Baobab trees

In 2007 I was fortunate enough to visit Tanzania and came across the majestic Baobab trees whilst on a safari before climbing Mt Kilimanjaro. I have always had a fascination with them as trees but to see them in real life was amazing as they are colossal and such an important tree within the landscape and a valuable resource to the natural environment.

Growing Baobabs from seed

So typically after returning from my time in Tanzania I wanted to try to grow a Baobab back home in the UK and keep it as a bonsai if possible as I had started the hobby of bonsai back in 2006 and was making steady progress. So I ordered some seeds from Nicky’s seeds and started the process. My first batch in 2008 all germinated and grew well at first. However, I was not sure on how to keep them going over winter and followed the advice I had gleaned and dry stored them over winter in newspaper out of their pots. This was not overly successful and I was unable to get them to start again in the spring of 2009.

I tried again a few times and here were the results of a batch from 2012, all of which I failed to succeed to develop much further sadly but I had fun trying out different techniques and learnt a lot during the process.

In 2014 I had another go and out of a batch of 4 seeds only one germinated fully into a seedling but it did well. The mix for the seeds was around 40% sand, 5% bark, 5% akadama, 5% kiryu, 10% fuji grit, 25% pumice & 10% compost plus slow release granules. This seems to work well with the existing seedlings as well as getting seeds to germinate. I did not cut the terminal shoot this time but just let it grow and this was the result. I noted that for next time, I would plant seeds in larger pot as growth rate exceeded pot size.

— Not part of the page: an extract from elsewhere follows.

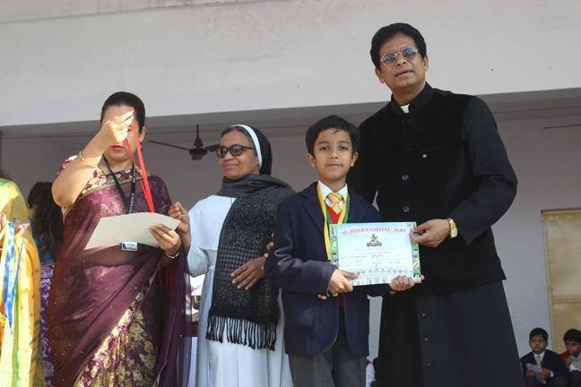 It was indeed a moment of immense pride for St. Peter's College as the students of our school yet again... proved themselves in the Spell Bee Competition. St. Peter's College was ranked as the school which got the maximum prizes in the competition. The award and cash prize was given to the students with their parents and best class prize given to the class teachers by Rev. Fr. Paul Thannickal. The Cooridinator of the programme was Mrs. Geeti Maheshwari. Fr. Principal gave away the prize to the students and wished them for their bright future.
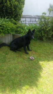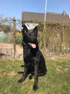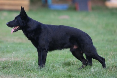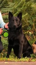 Gesamturteil: An der oberen Größengrenze stehende, schwarze, kräftige, gehaltvolle, gestreckte Hündin mit gutem Widerrist, leichtem Knick dahinter und kurzer Kruppe von guter Lage. Gute Winkelungen, ausgeglichene Brustverhältnisse, gerade Front. Geradetretend zeigt sie flüssige Gänge mit gutem Raumgewinn. Sicheres Wesen, TSB ausgeprägt; läßt ab.

However, I was still not able to keep them going beyond around 3 years so took a break from them until lockdown in 2020 and thought I would try again. So I purchased 5 seeds (Adansonia digitata) again from Nicky’s seeds and started them off. Three out of the five came up but with a huge variation in form and size and all three are doing well to date and have made it to 2022 and I plan to re-pot them into larger pots to develop them further. I keep them inside in a warm conservatory all year and have left them in their pots over winter and they all dropped their leave in around December so I reduced the watering down to avoid root rot.

The African Baobab

If you are looking for more information, then get hold of this fabulous book by Rupert Watson as it holds so much information about these amazing living monuments and well worth a read.

The Remarkable Baobab

Another great resource is from the book by Thomas Pakenham who is also an avid fan of the Baobab and the photography is superb with so many wonderful images of Baobab trees. There are some stunning illustrations too alongside a rich history lesson as well some great stories.

Baobab family

Baobab is in the Genus of Malvaceae (formerly Bombacaeae) and there are eight species within the genus.

  • Adansonia digitata (African baobab)
  • Adansonia gibbosa or Adansonia gregori (Australian boab or Bottle or Dead rat-tree)
  • Adansonia grandidieri (Madagascar endemic)
  • Adansonia madagascariensis (Madagascar endemic)
  • Adansonia perrieri (Madagascar endemic)
  • Adansonia rubrostipa (syn A.fony) (Madagascar endemic)
  • Adansonia suarezensis (Madagascar endemic)
  • Adansonia za (syn A. alba) (Madagascar endemic)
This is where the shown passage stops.